4) Vasily, the Ukranian night security guard at a resort where I managed the gardens. He used to help keep an eye on the cranky old irrigation system for me at night (which was when it was active, but no-one from the garden team would be on site at that time), diligently checking for leaks in the pipework as he made his rounds. He was built like the proverbial brick shit-house, but with the gentlest nature and kindest smile. Softly spoken, always correct and professional but with a compelling warmth of character, a deep humanity. He would look you in the eye. My colleagues said he took the night work because he could not sleep for the nightmares. Sometimes I would be on site late, having stayed to watch (or take part in) one of the plays we staged for guests, and passing his office, you could hear him strumming delicate songs on an acoustic guitar. I often wondered what he must have seen, which war he was in. Though that last would be more or less irrelevant.
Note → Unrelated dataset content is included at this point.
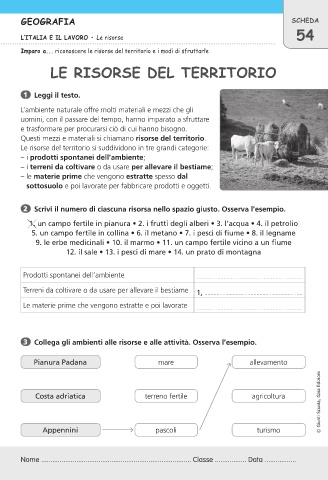 Imparo a... riconoscere le risorse del territorio e i modi di sfruttarle
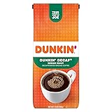 Contains one (1) 12-ounce resealable bag of Dunkin’ Decaf coffee Decaffeinated medium roast coffee blend made with 100% premium Arabica coffee beans Convenient ground coffee for use in a wide variety of home coffee makers The rich, smooth, and unmatched Dunkin’ coffee taste that made the brand famous, decaffeinated A simple, no-frills way to enjoy the great taste of Dunkin’ at home

They all contain horrors.


5) Benjamin, a young South African man looking to develop an eco-tourism resort in a wild part of Portugal. I met him as a potential landscape design client. I was struck by his three bionic limbs and one badly damaged, but working, arm, but more by how at ease he was with the equipment and with himself. He apparently felt no need to disguise any part of it, had no chip on his shoulder. I realised his condition must have been the result of a tour as he told the story of how he had come to this point. Growing up on a farm in South Africa, he always assumed he would one day have some land of his own; but he moved to the UK as a teenager, where he enlisted, resulting in what he described as a very short career. He comes across as calm, self-assured, focused, and there is the depth, with some hint of the horror, behind the eyes. I am impressed. I wonder if he is grateful for the strange luck that ensured his quite beautiful face was preserved (and, briefly, while feeling bad for the thought, if instead plastic surgery was involved). But most of all, I wonder about the internal marks his experience must have left; what the long recuperation process must have been like; what he thought when he realised he had lost so many parts of himself; what his feelings are today on war, how it is fought, why it happens.


It’s easy to be one-sided. The more visible side seems to be the utter glorification of war, the worship of poppies and nationalism, the high-resolution gloss so easily applied over the ugly reality to sell the idea of war to the people of the world. It’s not just ok, it’s GOOD, it’s necessary, it’s noble – dulce et decorum est pro patria mori. But it seems rather callow to market it this way. As if the nobility – the necessity – can obliterate the outrageous hurt and damage war causes to individuals, families, regions, nations.

It’s easier for me to believe in the reality of war as described within our cultural legacy – Siegfried Sassoon and Tolstoy for starters – and draw the obvious conclusion. This is stupid, this is madness; who in their right mind would action such a thing, willingly sign up to take part in it?

Then you meet a soldier. A normal person, human, reasonable, layered; so far removed from the gun-toting redneck mentality you assume must be necessary to persuade them down that path. No, it is never black and white. Maybe one day I will get up the courage to ask them what it was like, to be there.